Me, podes ter a certeza. É sempre a mesma maneira de pensar, a mesma mentalidade que preside a tudo neste país - tenho direito, vou usufruir, quer precise quer não. Tenho visto muita gente (grávidas) que passam a vida a dizer "estou cansada, vou pedir a baixa"; dão-lhes a baixa e ficam indignadas por só receberem 65%! Mas se não é uma baixa de risco médico! Detesto essa mentalidadezinha de querer aproveitar toda e qualquer oportunidade para ficar de papo para o ar... à custa dos contribuintes! É como te disse, também me sentia muito cansada, e por isso vim para casa, não dois, mas seis dias antes da minha DPP. Mas apenas porque me senti efectivamente em risco de capitular, porque se não batesse agora o pé, provavelmente estaria a trabalhar 5 mn antes de ir para o hospital - pelo menos, se fosse esperar pela compreensão alheia...

Me disse...

É mesmo essa a mentalidade tacanha que sinto e que me incomoda particularmente... Não a entendo mesmo.

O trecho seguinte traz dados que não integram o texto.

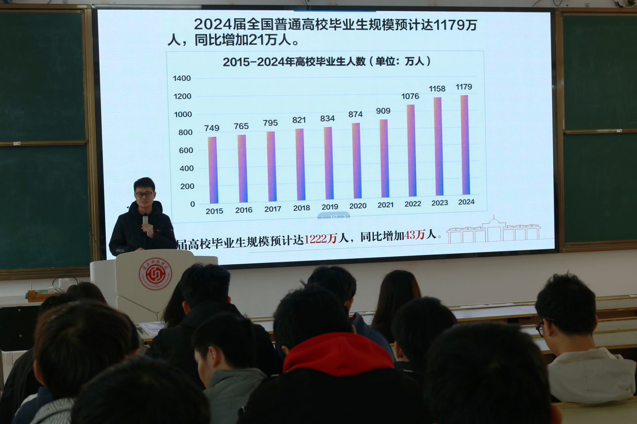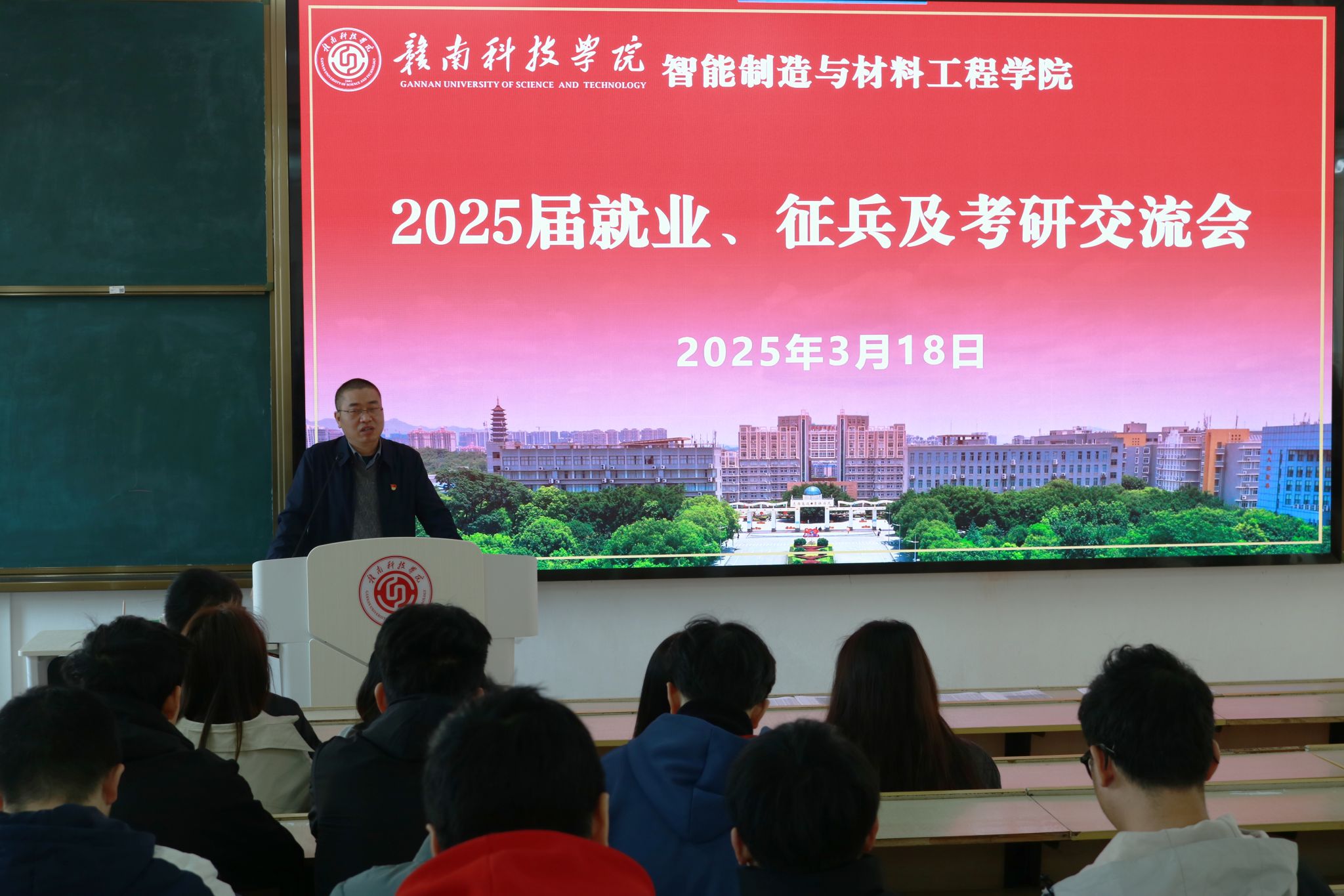 肖志华重点介绍了今年会官方网站为推进就业采取的多项举措。他提到,将于3月20日举办的校园双选会是校院多方协同努力的成果,双选会涵盖智能制造、材料工程等重点领域岗位,为毕业生与优质企业搭建精准对接平台。通过分享往届优秀毕业生就业案例,肖志华勉励学生珍惜机会、主动出击,以扎实的专业能力与积极态度增强职场竞争力。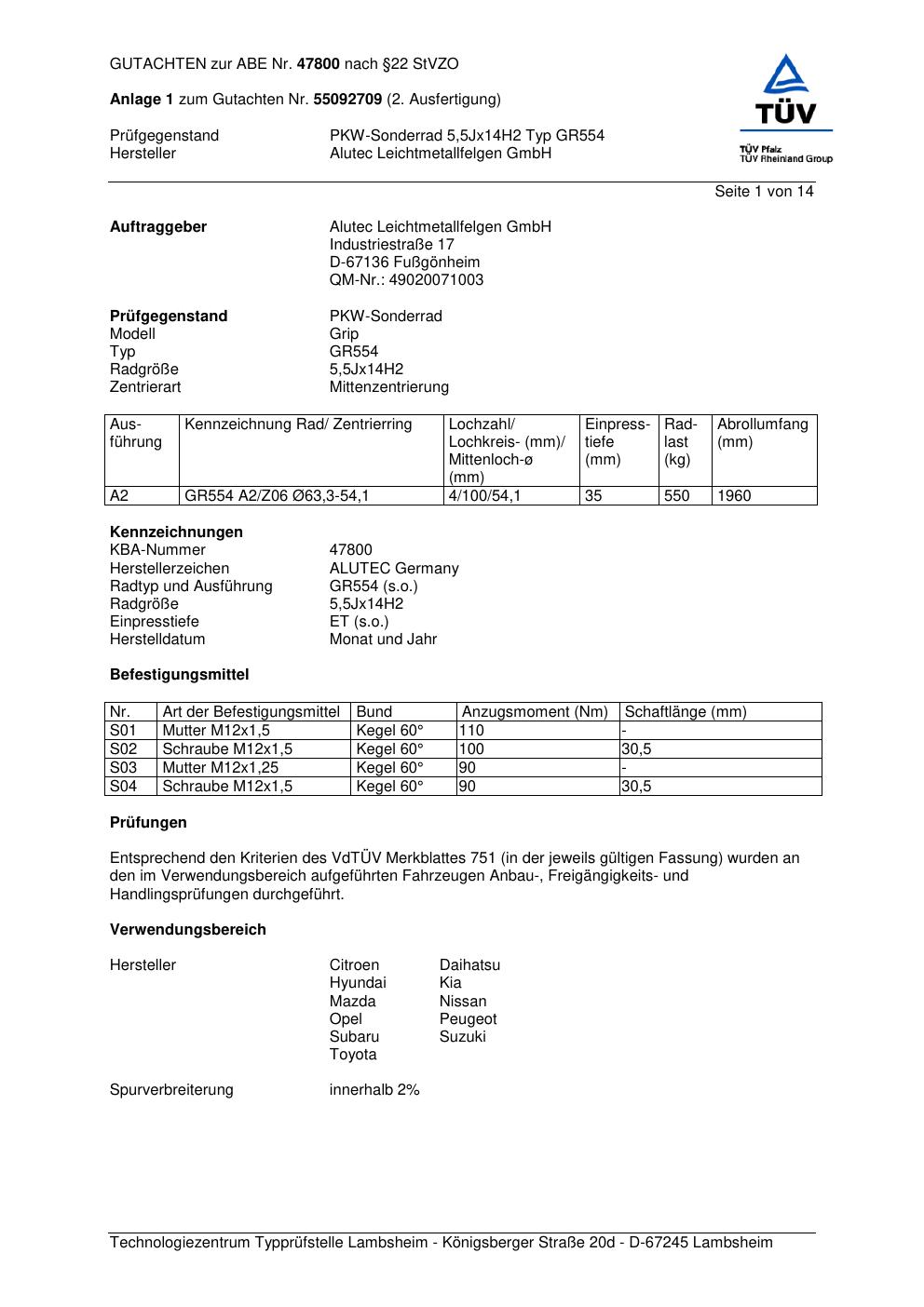 Dieses Gutachten (abe) bezieht sich auf die Alufelge ALUTEC GR554 in der Ausführung 5.5Jx14 ET 0, Mittenloch 0 mm (KBA 47800). Im PDF findest du typischerweise zulässige Reifengrößen, Auflagen/Anbauhinweise und – je nach Dokument – Hinweise zur Eintragung.

E, já agora, com a retenção de liquidos que fazes, fizeste muito bem em vir para casa. Não imagino o teu desconforto.

Beijoquinhas

Purple disse...

Eu confesso que me revi quase no lado oposto deste post. Tive bastantes complicações na gravidez e aos 5 meses e meio já estava de baixa em casa, ainda pedinchei à médica mas nada feito. Infelizmente ouvi algumas bocas de mentes iluminadas que apelavam sobre o facto de "gravidez não ser doença". A verdade é que acho que as pessoas pensam sempre que sabem o que é melhor para os outros e cospem opiniões sobre a vida alheia sem pensar duas vezes.
Eu tinha dado tudo para ter trabalhado até perto do fim, para deixar tudo organizado e para me ter sentido útil e produtiva. Não o pude fazer e quase que te invejo por o teres conseguido.

Beijinhu enorme meu e da Di (e uma hora pequenininha)

Queen of Hearts disse...

Obrigada querida Purple :) E Di! :)

Eu percebo-te perfeitamente, infelizmente as "vozes de burro" só vivem mesmo para criticar. Quer tenham ou não por onde!